When you reach the line below that has "Hira School &", start returning lines exactly, and stop after the line that has "An enamelled steel"; skip the pictures.

## RAW DATA
┌──
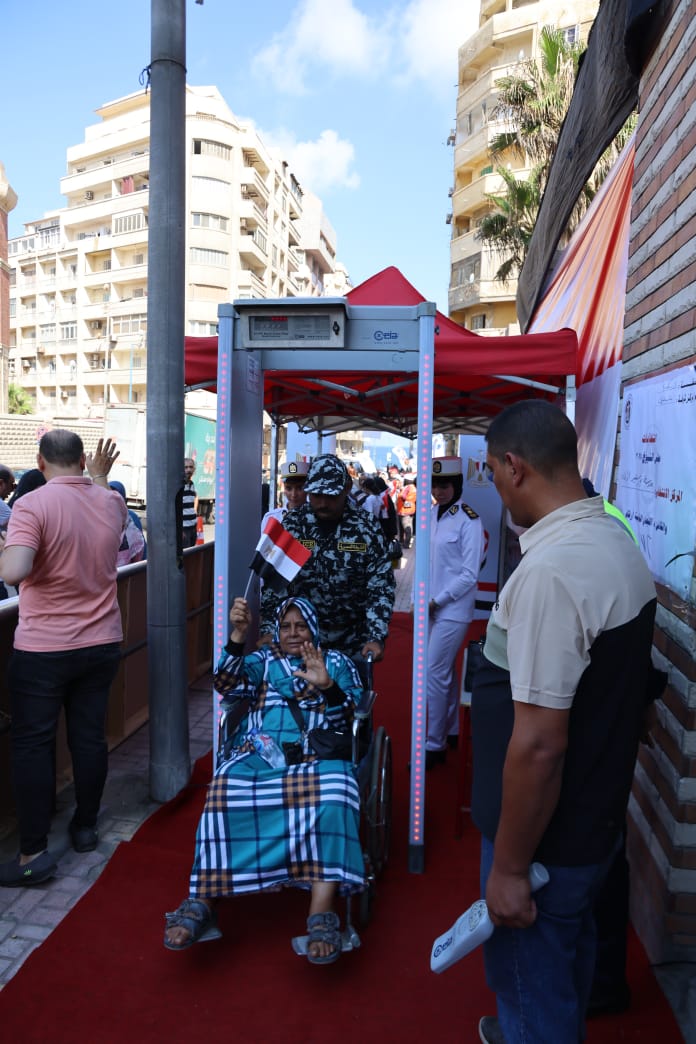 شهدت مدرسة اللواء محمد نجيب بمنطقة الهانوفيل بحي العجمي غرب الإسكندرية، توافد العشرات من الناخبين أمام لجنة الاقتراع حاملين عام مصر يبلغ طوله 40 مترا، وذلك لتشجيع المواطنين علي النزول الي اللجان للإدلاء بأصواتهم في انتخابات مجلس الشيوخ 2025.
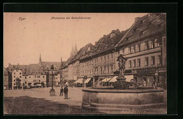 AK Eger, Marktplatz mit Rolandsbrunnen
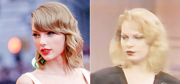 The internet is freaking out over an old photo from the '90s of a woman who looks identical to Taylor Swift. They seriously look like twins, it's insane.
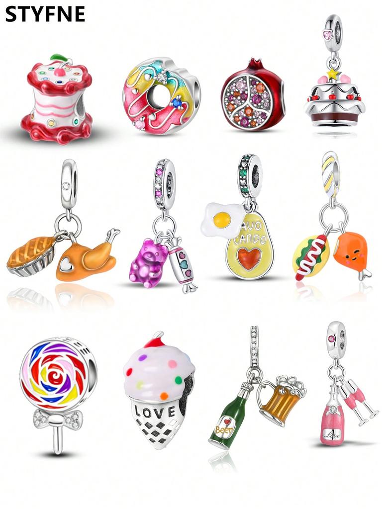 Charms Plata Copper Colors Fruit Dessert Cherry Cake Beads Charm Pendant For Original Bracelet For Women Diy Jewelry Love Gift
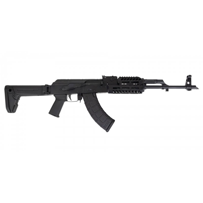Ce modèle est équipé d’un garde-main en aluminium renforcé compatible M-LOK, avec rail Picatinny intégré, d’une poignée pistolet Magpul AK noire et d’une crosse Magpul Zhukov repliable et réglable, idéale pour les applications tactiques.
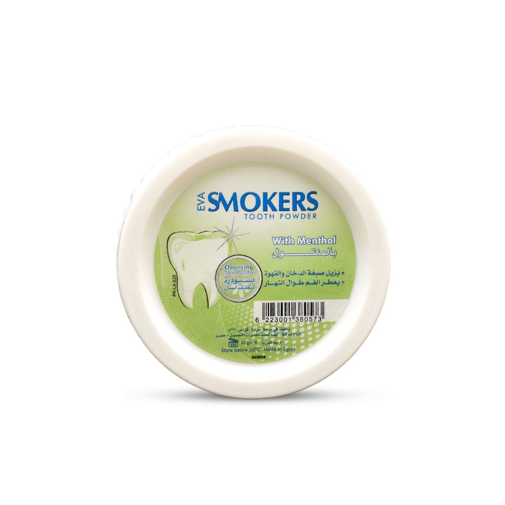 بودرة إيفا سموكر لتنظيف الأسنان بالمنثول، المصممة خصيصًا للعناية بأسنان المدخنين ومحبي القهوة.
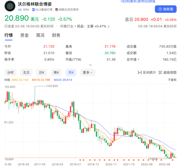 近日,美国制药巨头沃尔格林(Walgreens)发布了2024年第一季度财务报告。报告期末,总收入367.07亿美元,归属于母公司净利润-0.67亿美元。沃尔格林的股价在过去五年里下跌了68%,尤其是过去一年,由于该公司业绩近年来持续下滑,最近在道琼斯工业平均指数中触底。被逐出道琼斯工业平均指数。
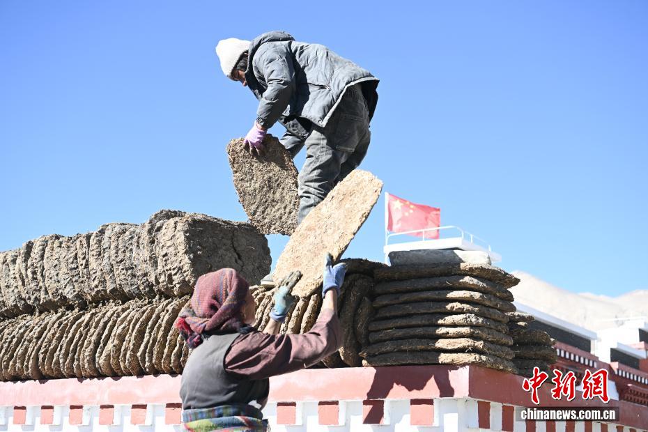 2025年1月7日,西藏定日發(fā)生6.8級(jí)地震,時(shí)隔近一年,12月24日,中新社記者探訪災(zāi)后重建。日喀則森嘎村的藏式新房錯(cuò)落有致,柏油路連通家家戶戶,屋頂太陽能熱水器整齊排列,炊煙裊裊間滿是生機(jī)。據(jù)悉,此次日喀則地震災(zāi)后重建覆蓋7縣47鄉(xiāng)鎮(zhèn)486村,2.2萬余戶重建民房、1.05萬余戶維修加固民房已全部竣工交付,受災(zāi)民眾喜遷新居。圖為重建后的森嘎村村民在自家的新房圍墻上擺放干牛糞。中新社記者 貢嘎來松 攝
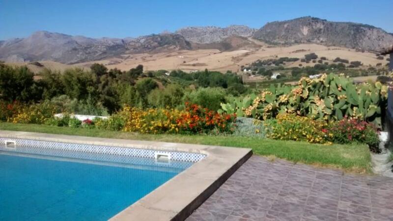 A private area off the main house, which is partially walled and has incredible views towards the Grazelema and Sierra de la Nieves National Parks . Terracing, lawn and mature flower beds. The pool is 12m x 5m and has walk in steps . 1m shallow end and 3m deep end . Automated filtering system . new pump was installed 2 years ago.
└──
┌──
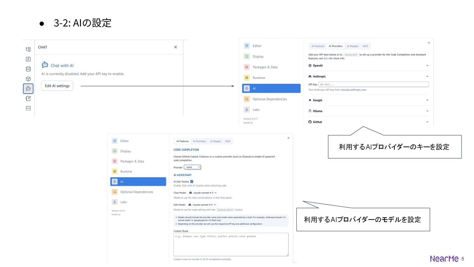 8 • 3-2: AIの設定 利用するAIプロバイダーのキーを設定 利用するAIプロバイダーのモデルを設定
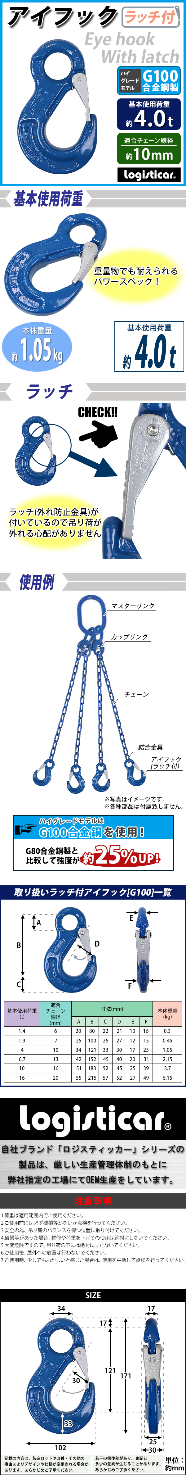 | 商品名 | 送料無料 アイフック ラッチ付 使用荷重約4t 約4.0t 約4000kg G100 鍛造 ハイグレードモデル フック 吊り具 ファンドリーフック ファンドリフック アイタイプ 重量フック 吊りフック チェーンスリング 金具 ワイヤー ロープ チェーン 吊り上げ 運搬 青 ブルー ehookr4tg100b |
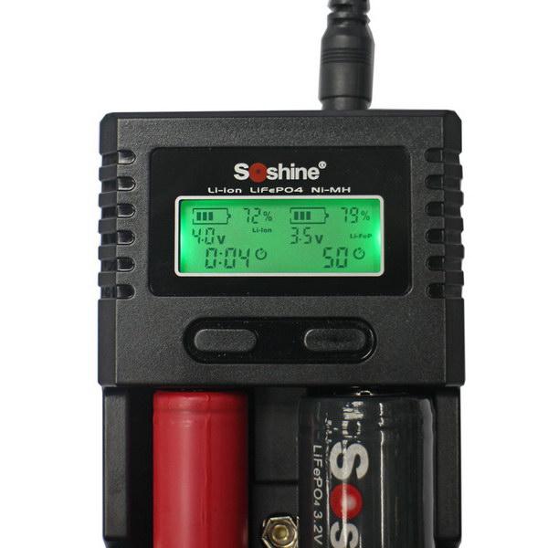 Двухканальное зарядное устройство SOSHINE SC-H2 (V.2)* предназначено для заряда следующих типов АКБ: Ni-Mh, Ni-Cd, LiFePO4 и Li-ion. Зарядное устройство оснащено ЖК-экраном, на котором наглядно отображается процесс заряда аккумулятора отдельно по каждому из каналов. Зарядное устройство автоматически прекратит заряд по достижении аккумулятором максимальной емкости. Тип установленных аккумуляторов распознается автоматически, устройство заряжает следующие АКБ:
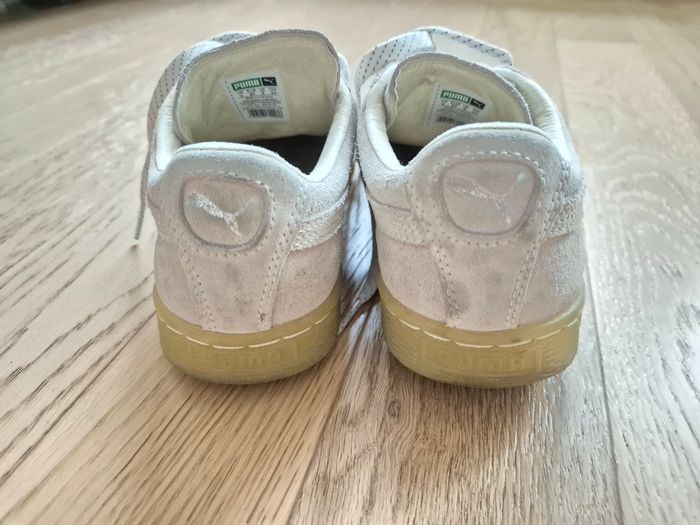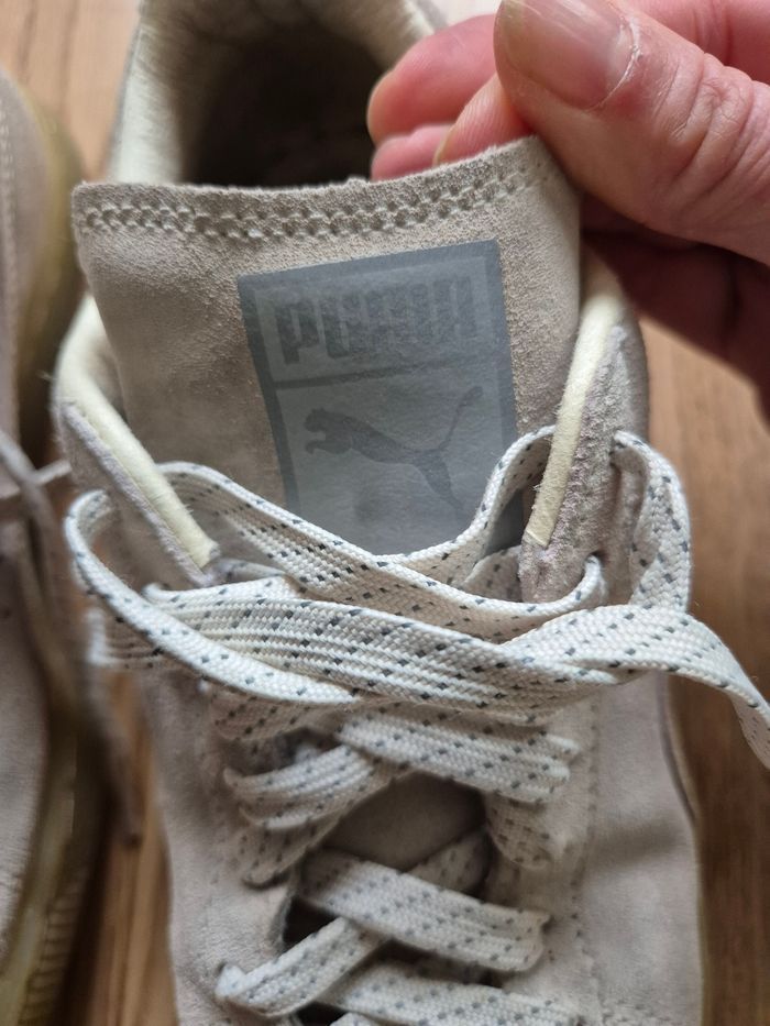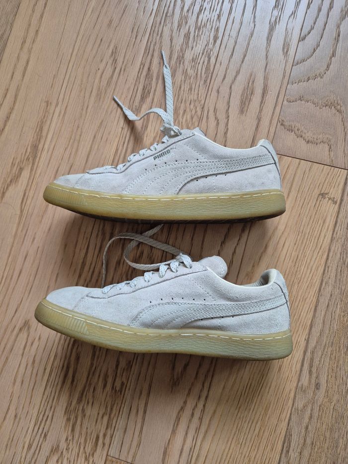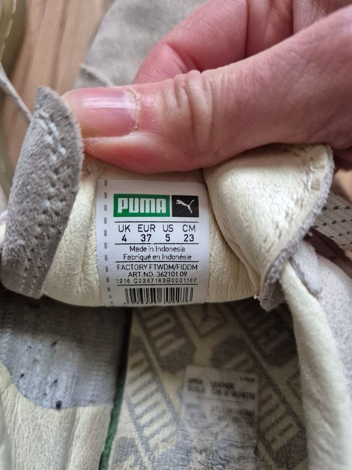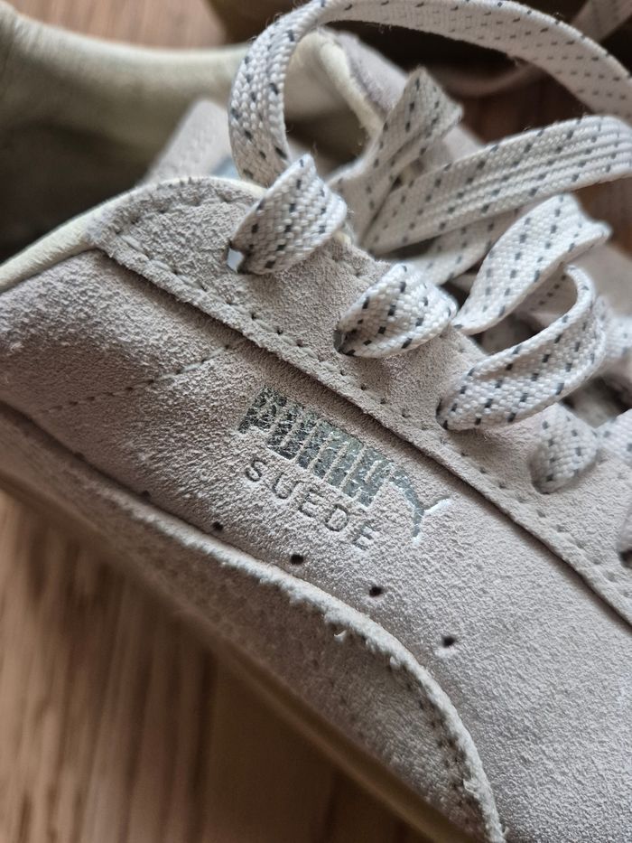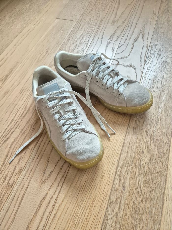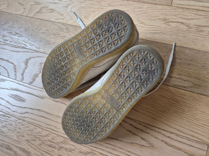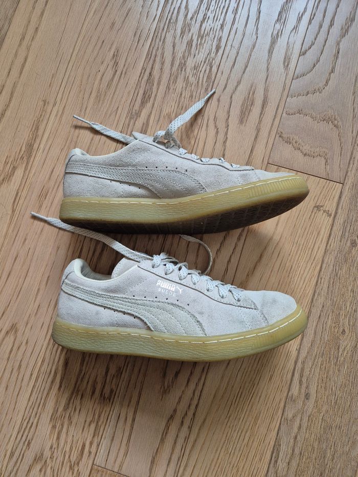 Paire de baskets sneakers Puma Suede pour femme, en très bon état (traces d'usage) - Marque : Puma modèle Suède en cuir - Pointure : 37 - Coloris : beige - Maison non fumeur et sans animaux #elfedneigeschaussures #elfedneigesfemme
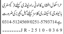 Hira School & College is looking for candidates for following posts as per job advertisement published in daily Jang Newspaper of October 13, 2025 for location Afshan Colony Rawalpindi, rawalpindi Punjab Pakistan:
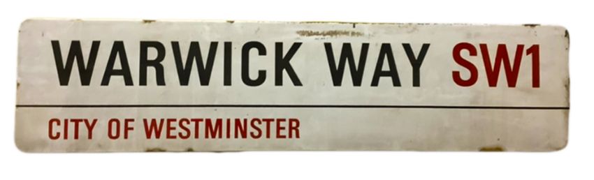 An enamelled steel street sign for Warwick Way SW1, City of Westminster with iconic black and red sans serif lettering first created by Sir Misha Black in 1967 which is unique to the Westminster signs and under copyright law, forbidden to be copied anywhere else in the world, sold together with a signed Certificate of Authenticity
└──
┌──
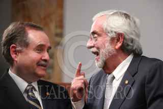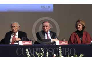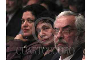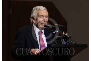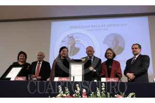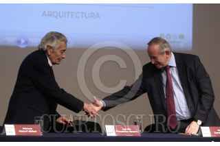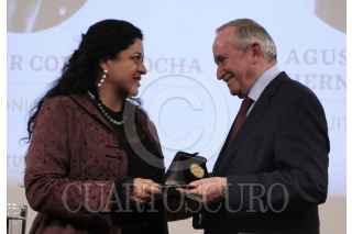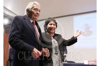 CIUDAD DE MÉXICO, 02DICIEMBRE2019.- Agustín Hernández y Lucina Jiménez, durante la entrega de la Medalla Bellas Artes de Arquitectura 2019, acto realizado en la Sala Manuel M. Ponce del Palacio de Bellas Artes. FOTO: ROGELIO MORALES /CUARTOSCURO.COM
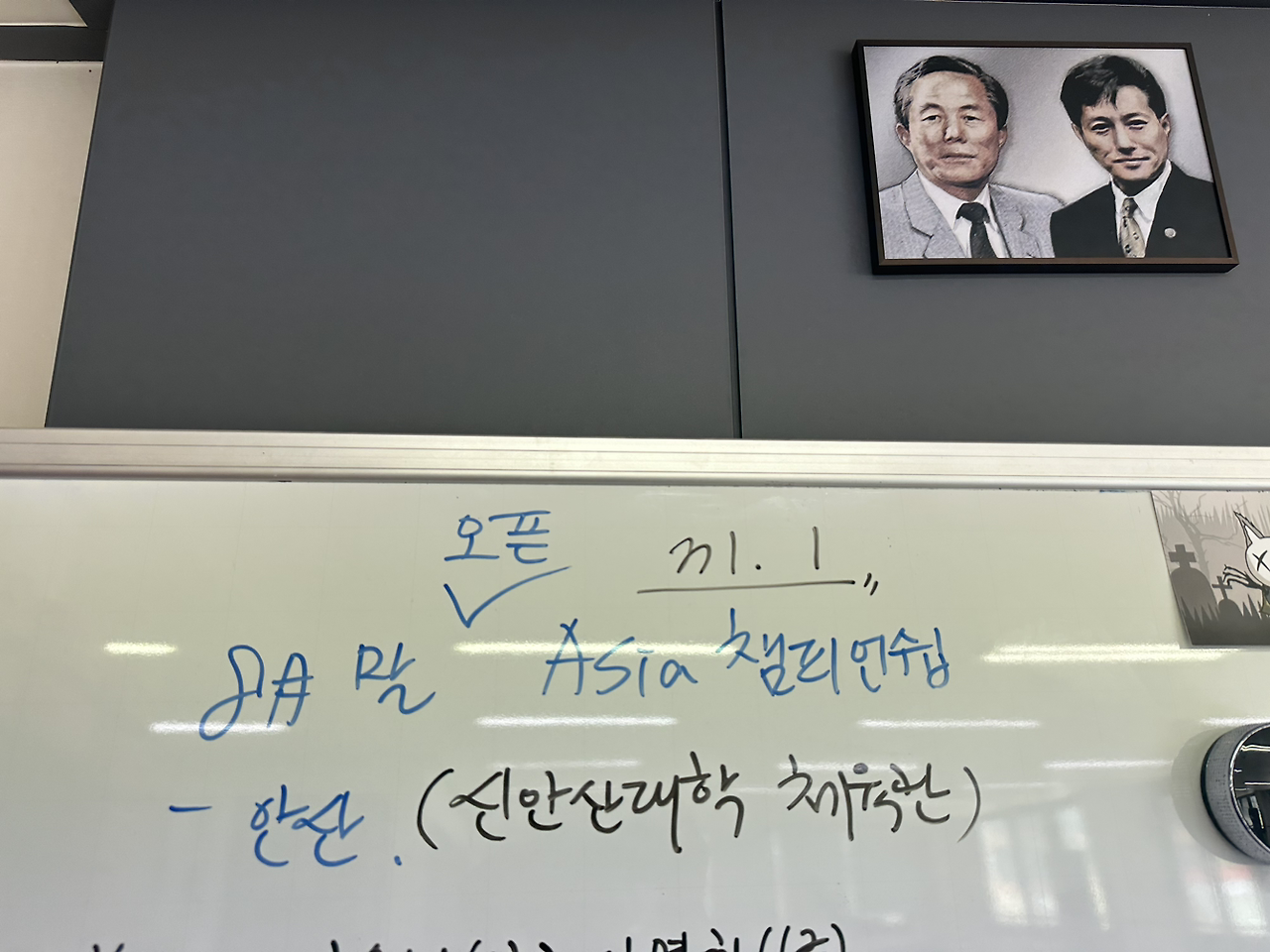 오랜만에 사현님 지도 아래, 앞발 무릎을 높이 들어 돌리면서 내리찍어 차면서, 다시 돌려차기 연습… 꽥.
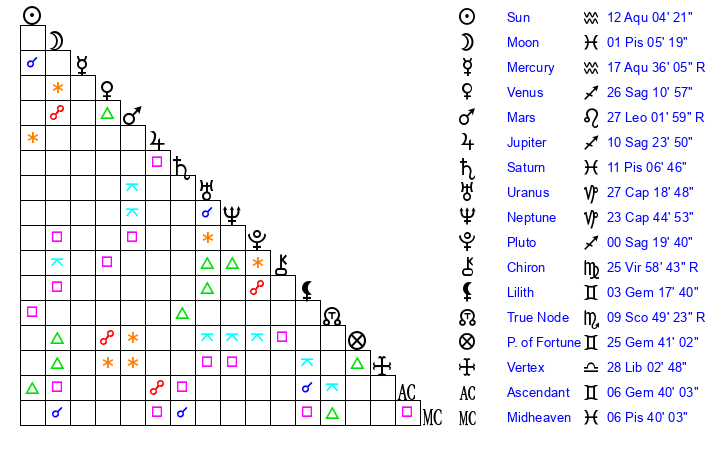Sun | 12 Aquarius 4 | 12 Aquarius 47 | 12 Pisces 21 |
└──
## TASK ANSWER
 Hira School & College is looking for candidates for following posts as per job advertisement published in daily Jang Newspaper of October 13, 2025 for location Afshan Colony Rawalpindi, rawalpindi Punjab Pakistan:
 An enamelled steel street sign for Warwick Way SW1, City of Westminster with iconic black and red sans serif lettering first created by Sir Misha Black in 1967 which is unique to the Westminster signs and under copyright law, forbidden to be copied anywhere else in the world, sold together with a signed Certificate of Authenticity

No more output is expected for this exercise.